When we were there in Sept 2006, they hadn't broken ground on King's land and in fact they said that Kings land would be phase 2 & 3 of Waikoloa. So at that time owners at Waikoloa would be an owner at King land because the resort would be just one big resort with several phases. 

What is the current situation? Are owners of HGVC- Waikoloa going to be owners at Waikoloa only and there will be a whole new set of owners at Kings Land? Or will everone own at the two resorts?


----------



## nonutrix (Dec 5, 2007)

Bill,

To the best of my knowledge, owners of HGVC Waikoloa, which is actually Kohala Suites will only be owners there; while owners of the new resort at HGVC Kingsland will only be owners there.  By contract, the owners at the Kohala Suites will be able to continue to use the facilities at the Waikoloa Hilton Hotel for free, as will the buyers of the first section only of HGVC Kingsland.  Again, this is to the best of my knowledge.

nonutrix


----------



## linsj (Dec 5, 2007)

Does Kingsland have one-bedroom or studio units?


----------



## Bill4728 (Dec 5, 2007)

We were told that the new Kings Land resort will have all different size units. 3bed ->  1 bedrooms ( NO studio ). This is in contrast to Waikoloa which is 100% 2 bedroom units.


----------



## alwysonvac (Dec 5, 2007)

nonutrix said:


> For those who might be interested, I just talked to a contact in Hawaii with the following updates:
> - HGVC Kingsland, on the Big Island, the first section, is on schedule for an estimated opening the week of Oct. 8, 2008.
> - the grocery store at the new Queens Market in the Waikoloa resort is scheduled to open by Christmas, 2007.
> - the Grand Waikikiian hi-rise at HHV on Oahu is still on schedule for opening in Jan. 2009.  The construction is presently at 30 floors plus.  Facade is being placed on the lowest levels.
> ...



Thanks for the updates


----------



## linsj (Dec 5, 2007)

Bill4728 said:


> We were told that the new Kings Land resort will have all different size units. 3bed -> studios. This is in contrast to Waikoloa which is 100% 2 bedroom units.
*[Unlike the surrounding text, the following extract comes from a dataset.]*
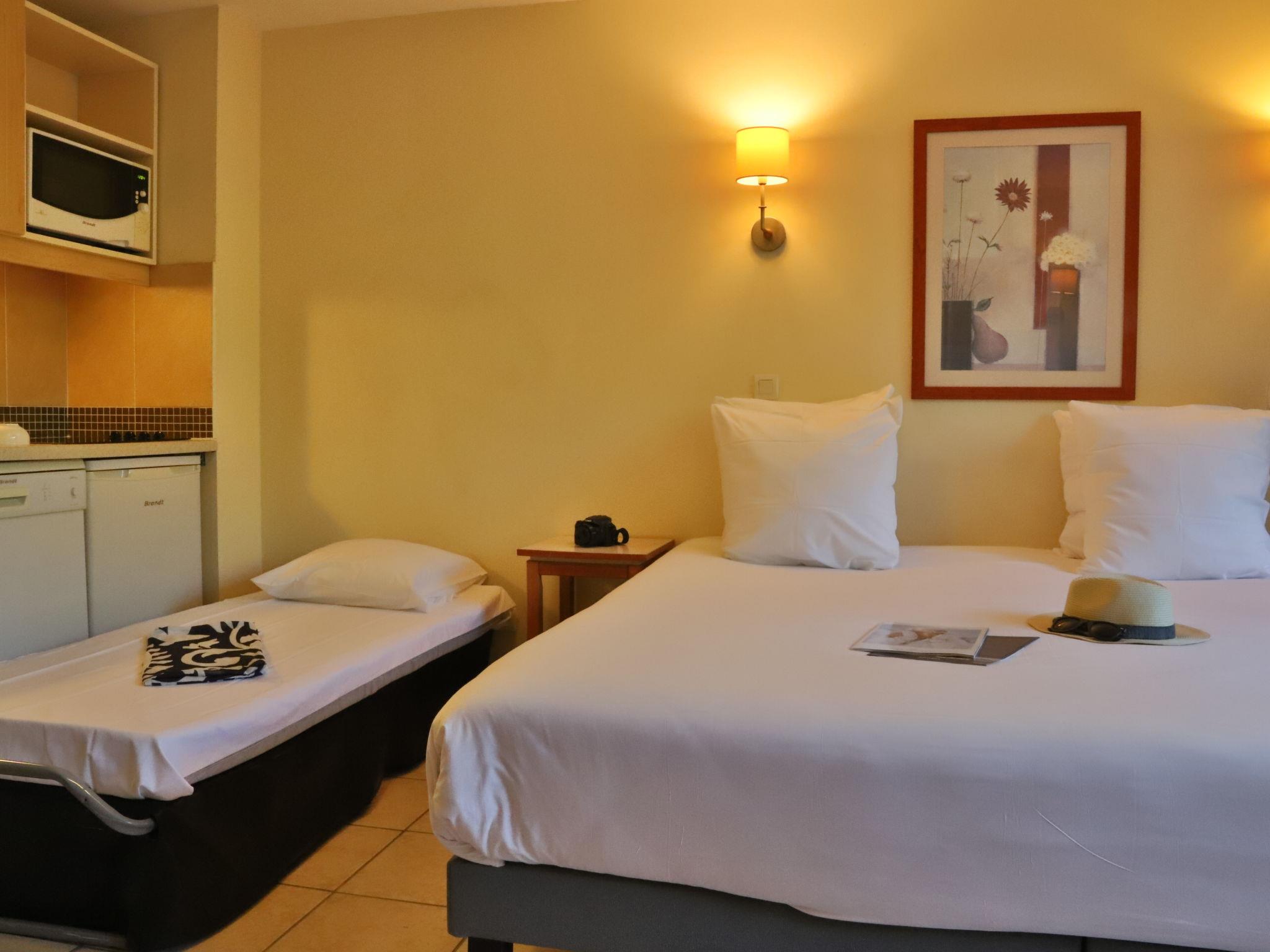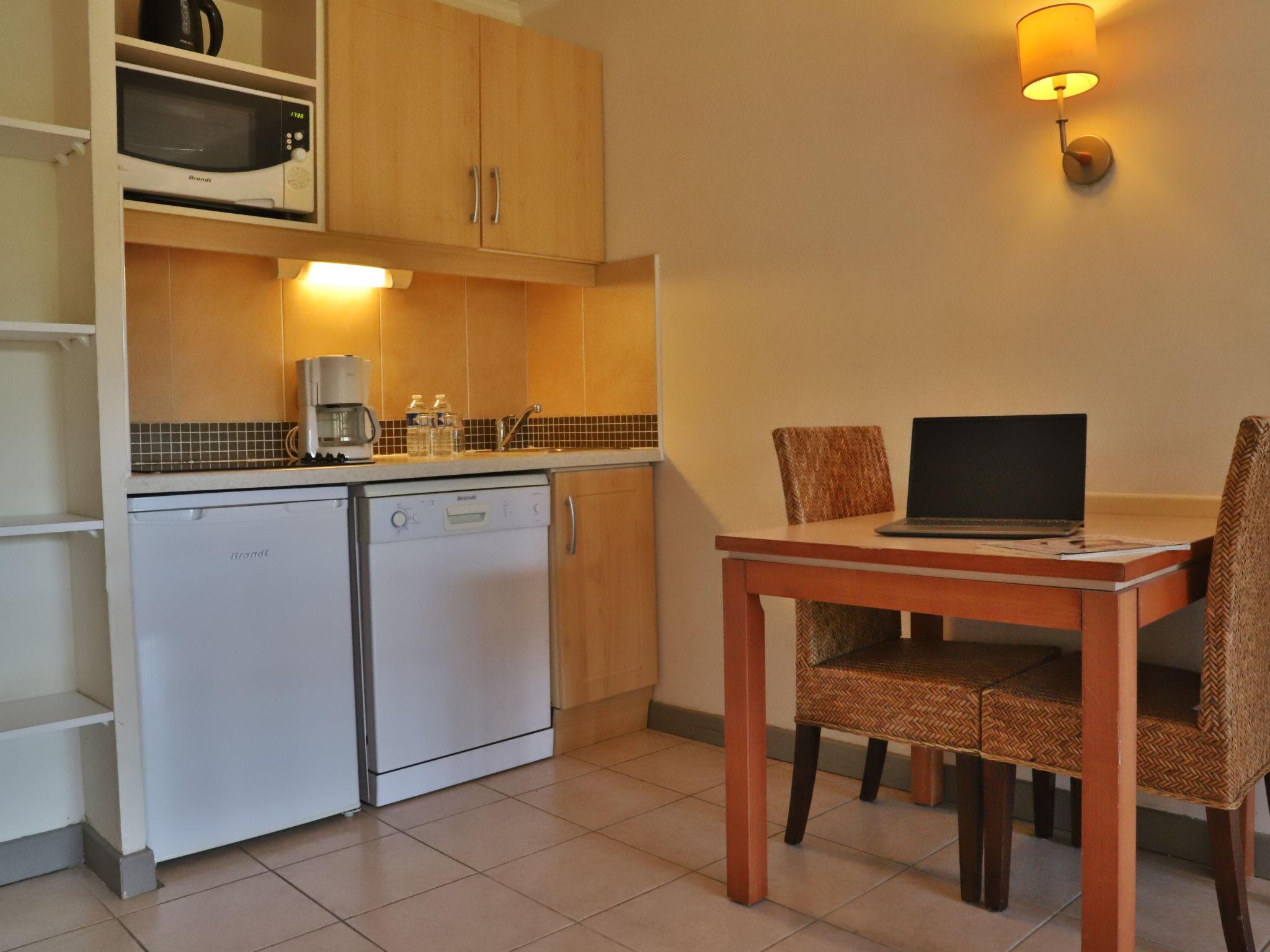 "Le Vallon", 1-room studio 30 m2. Simple furnishings: living/sleeping room with 1 french bed (180 cm, length 200 cm), 1 folding bed (90 cm, length 190 cm), dining table and TV (flat screen). Exit to the balcony, to the terrace. Kitchenette (dishwasher, 2 ceramic glass hob hotplates, toaster, kettle, microwave). Bath/WC. Air-conditioning. Small balcony or small terrace. Terrace furniture. Facilities: Internet (WiFi, free). Please note: suitable for families. Maximum 1 pet/ dog allowed. Smoke alarm. The property is one of a type of property or apartment. Offer by a commercial proprietor according to Art. 155, IV, CGI

Terrific! I've wanted to stay at Waikoloa but don't need a two-bedroom, nor do I want to spend that many points. Yes, I know, I could get a one-bedroom at The Bay Club; but reviews are mixed for that property.


----------



## nonutrix (Dec 5, 2007)

linsj said:


> Terrific! I've wanted to stay at Waikoloa but don't need a two-bedroom, nor do I want to spend that many points. Yes, I know, I could get a one-bedroom at The Bay Club; but reviews are mixed for that property.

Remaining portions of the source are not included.